Махмуд ободренно улыбнулся, и Бэрл, протянув вторую руку, резким движением сломал ему шею. Он сделал это так быстро, что бедняга даже не успел понять, что произошло, так и оставшись сидеть с приклеенной жалкой улыбкой на твердеющем лице, с безумной и робкой надеждой, застывшей в остекленевших глазах, отразивших последний акт драмы – короткую возню у двери и еще одну смерть, смерть преданного им товарища.

* * *

Бэрл запер входную дверь и, сделав глубокий вдох, заглянул в ванную. Девушка была там. Она стояла так, как мерзавцы пристроили ее стоять – наперевес через край ванны, на коленях, со связанными ногами, с кляпом во рту, с руками, прикрученными к вентильному кронштейну на противоположной стене. Тут же был кусок двужильного оголенного на концах провода, воткнутый в розетку для электробритвы. На белой, бессильно провисшей спине пламенели язвы сигаретных ожогов... Девушка мотнула слипшейся каштановой гривой и замычала. Это вывело Бэрла из оцепенения.
Развязывая узлы и осторожно перетаскивая на кровать бесчувственное тело, Бэрл не переставал напряженно просчитывать варианты. Судя по всему, девица была из группы обеспечения. Видимо, ее задача ограничивалась съемом этого номера и передачей ключа другому помощнику, тому, что оставил для Бэрла чемодан в камере хранения. Передав ключ, она должна была исчезнуть на пару-тройку дней. Ни у нее, ни у ее напарника не было и тени понятия о смысле и целях этих действий. Они не знали и не могли знать Бэрла, как, собственно, и он не знал их. Так что подонки зря мучили девочку – при всем желании ей было нечего им рассказать.
Непонятно другое – где произошла засветка? Предсмертная исповедь Махмуда об этом умалчивала. Да и что мог он знать, Махмуд, мелкая сошка... Небось, кайфует сейчас в своем мусульманском раю, пускает слюни, взгромоздившись на первую из положенных ему семидесяти девственниц, царапает ее в кровь своими золотыми цацками... Впрочем, кое-чем он все-таки помог. Во-первых, назвал имя босса, того, кто посадил в засаду махмудову группу. Абу-Айяд – старый знакомый, матерый волчара... Во-вторых – рассказал о другой группе, ушедшей за девушкиным напарником. Это наводило на грустные мысли не только о судьбе последнего, но и о чемодане. Бэрл готов был поклясться, что слежки за ним не было ни на вокзале, ни на пути в отель. С другой стороны, навряд ли они отпустили бы его просто так, без всякого сопровождения, полагаясь лишь на его непременный приход в «Мемфис». Следовательно, сопровождение находилось в чемодане, пластиковое такое сопровождение, все в разноцветных красивых проводочках... Помимо всего прочего, молчание Махмуда должно было уже обеспокоить его революционное начальство. По всему выходило, что надо сматывать удочки и поскорее.
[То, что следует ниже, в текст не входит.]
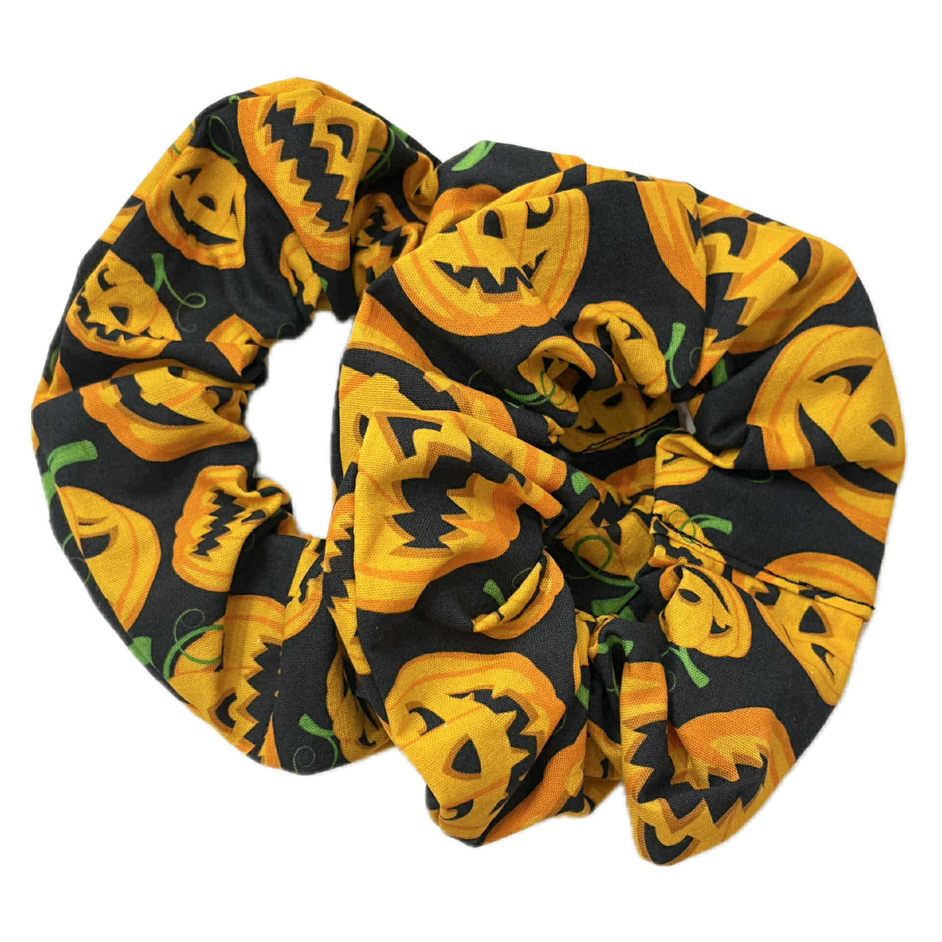 Our Halloween scrunchies are the perfect way to add a spooky twist to your look! Made from a mix of cute and creepy cotton fabrics, featuring everything from jack-o'-lanterns to black cats, each scrunchie brings a festive flair to your hair. A fun accessory for the Halloween season!

Бэрл открыл минибар и удовлетворенно хмыкнул. Весь ассортимент был в наличии. Хоть чем-то вы хороши, братья-мусульмане – выпивку никогда не расходуете! Коньяки были представлены «Мартелем» – уже третье по счету бэрлово везение. Ох, надолго ли? Бэрл принял коньяк залпом, как лекарство и, захватив две другие бутылочки, подошел к девушке.
«Эй, подружка, – он осторожно потряс ее за плечо. – Кончай с этим пляжным настроением, так ведь и совсем обгореть недолго». Бэрл открыл второй «мерзавчик» и аккуратно влил его в запекшийся полуоткрытый рот. Девушка дернулась и, рывком приподнявшись, вперилась в Бэрла диким взглядом загнанной лисицы.
«Шалом, сестричка, – быстро сказал он на иврите. – Поехали домой. Все кончилось. Домой».
Он повторял слово «домой», как заведенный, на все лады и со всеми интонациями, пока она не кивнула.
«Ну вот и хорошо, вот и ладно... Только сначала мы должны заняться твоей спиной. А нет ли у тебя тут крема какого?»
Неожиданно она снова кивнула: «Есть... от загара... в сумочке...»
«От загара?!» Бэрл хрюкнул, подавляя приступ неуместного смеха, но тщетно – неимоверное напряжение последней четверти часа неудержимо рвалось из него наружу лавиной гомерического хохота, и уже не сопротивляясь ему, он рухнул на пол между безучастными «Гуллитом» и Махмудом и заржал, захлебываясь и повизгивая, так, как не ржал еще никогда за всю свою непростую тридцатилетнюю жизнь. Она смотрела на него, катающегося по полу между трупами ее мучителей, и страх сменялся в ней недоумением, затем – обидой и, наконец, подхваченная вулканическими извержениями бэрлового гогота, она засмеялась сама, неуверенным, маленьким, целебным смехом.
С трудом овладев собой, Бэрл делал помогающий в таких случаях глубокий вдох, когда она крикнула ему с кровати: «Что ты ржешь, идиот? Что ты видишь смешного во всем этом, кретин?»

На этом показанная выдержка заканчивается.